▶ BRIEF:
No pictures should appear in the copy. Reproduce exactly the lines from the one containing "Agora as macarronadas" through the end of the material below.

▶ GIVEN MATERIAL:
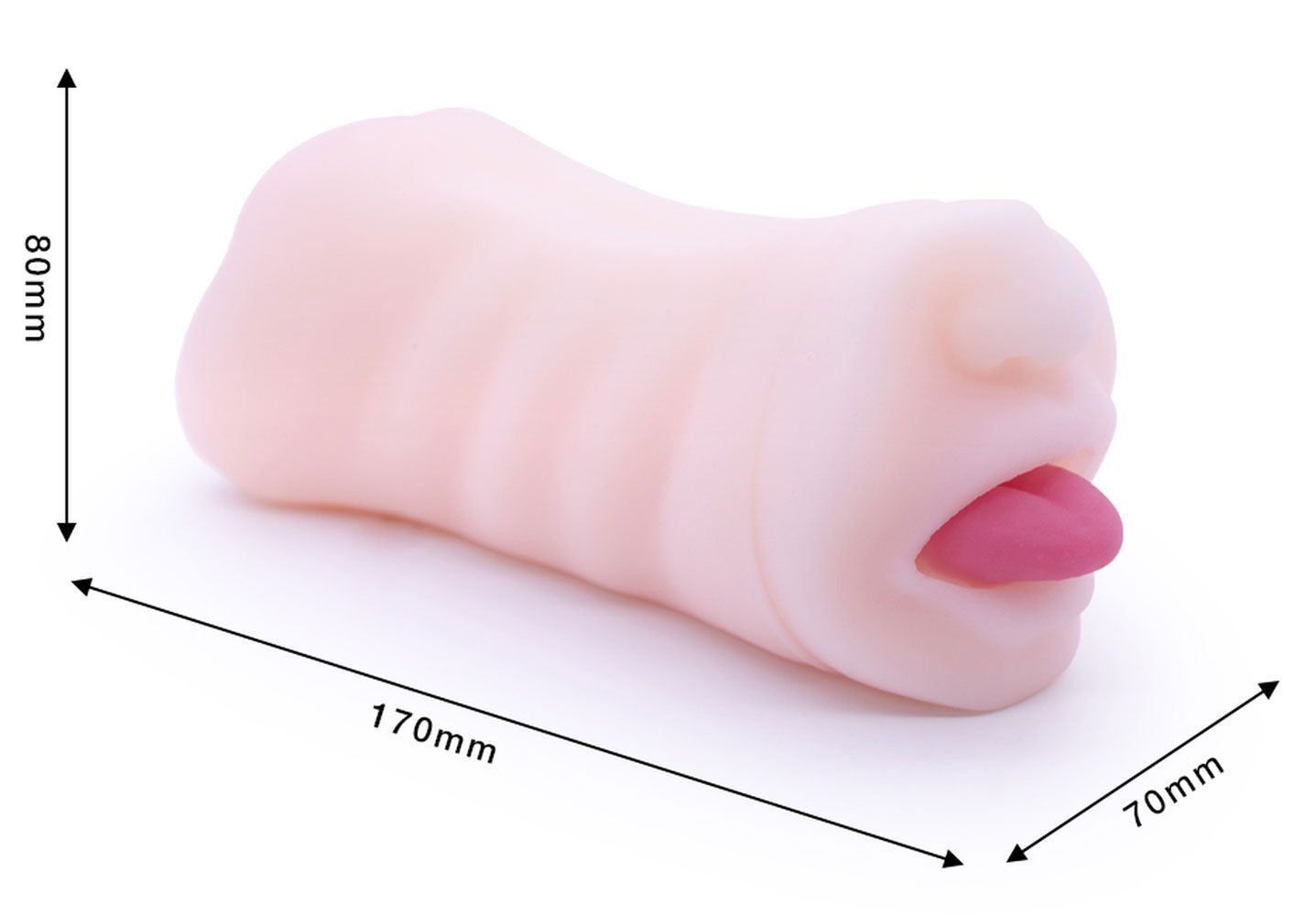 Телесный двусторонний мастурбатор - вагина и ротик с язычком. Очень эластичный и приятный на ощупь.
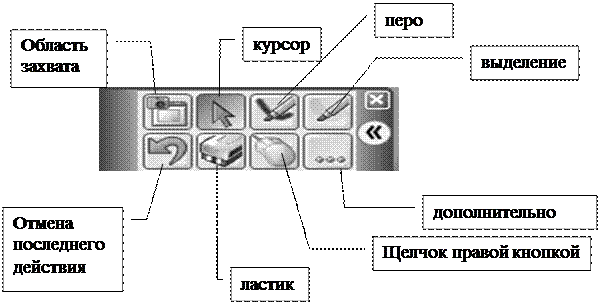 Панель инструментов захвата экрана позволяет вам захватывать изображение отдельного окна, всего экрана либо его части в файл Notebook. Чтобы открыть Панель инструментов захвата экрана нажмите кнопку Захвата
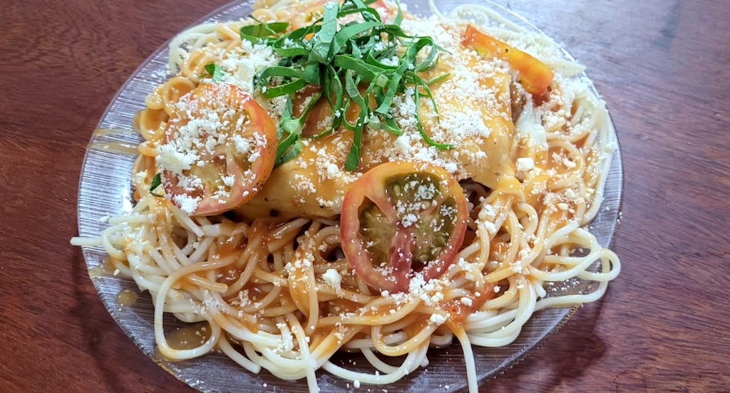Agora as macarronadas não são italianas e tem o DNA alagoano, molho de tomate caseiro e queijo parmesão. As mais idolatradas são a parmegiana e a de leitão, que realmente são boas, agora, eu fiquei apaixonada pela batizada de A Moda da Casa, com omelete (ovo, queijo parmesão, presunto e batata palha), é perfeita e ainda vem um bife à milanesa.
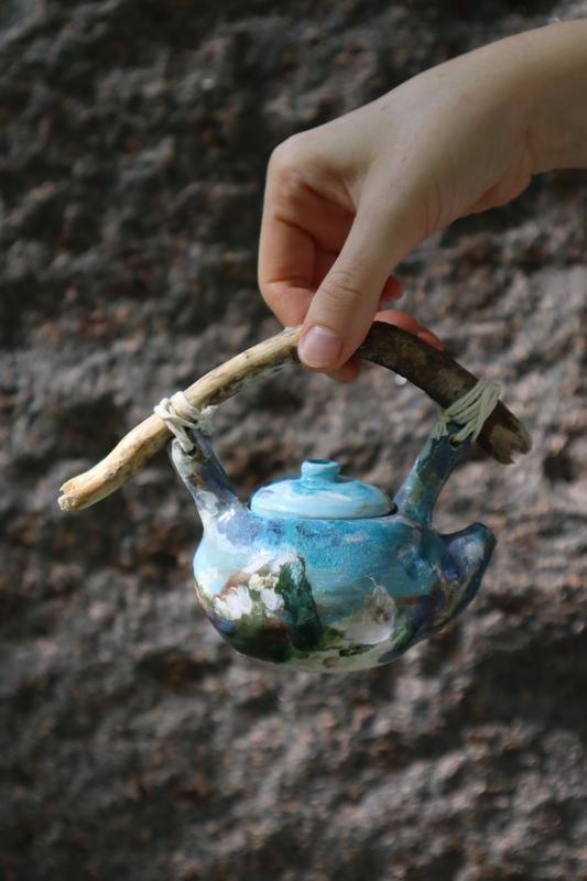 120 мл, выполнен из Славянской глины на Graphite. Раскрашен ангобными красками и глазурями. Дикая сосновая веточка служит ручкой. Сделано с любовью.

▶ REPLY TO THE EXERCISE:
Agora as macarronadas não são italianas e tem o DNA alagoano, molho de tomate caseiro e queijo parmesão. As mais idolatradas são a parmegiana e a de leitão, que realmente são boas, agora, eu fiquei apaixonada pela batizada de A Moda da Casa, com omelete (ovo, queijo parmesão, presunto e batata palha), é perfeita e ainda vem um bife à milanesa.
 120 мл, выполнен из Славянской глины на Graphite. Раскрашен ангобными красками и глазурями. Дикая сосновая веточка служит ручкой. Сделано с любовью.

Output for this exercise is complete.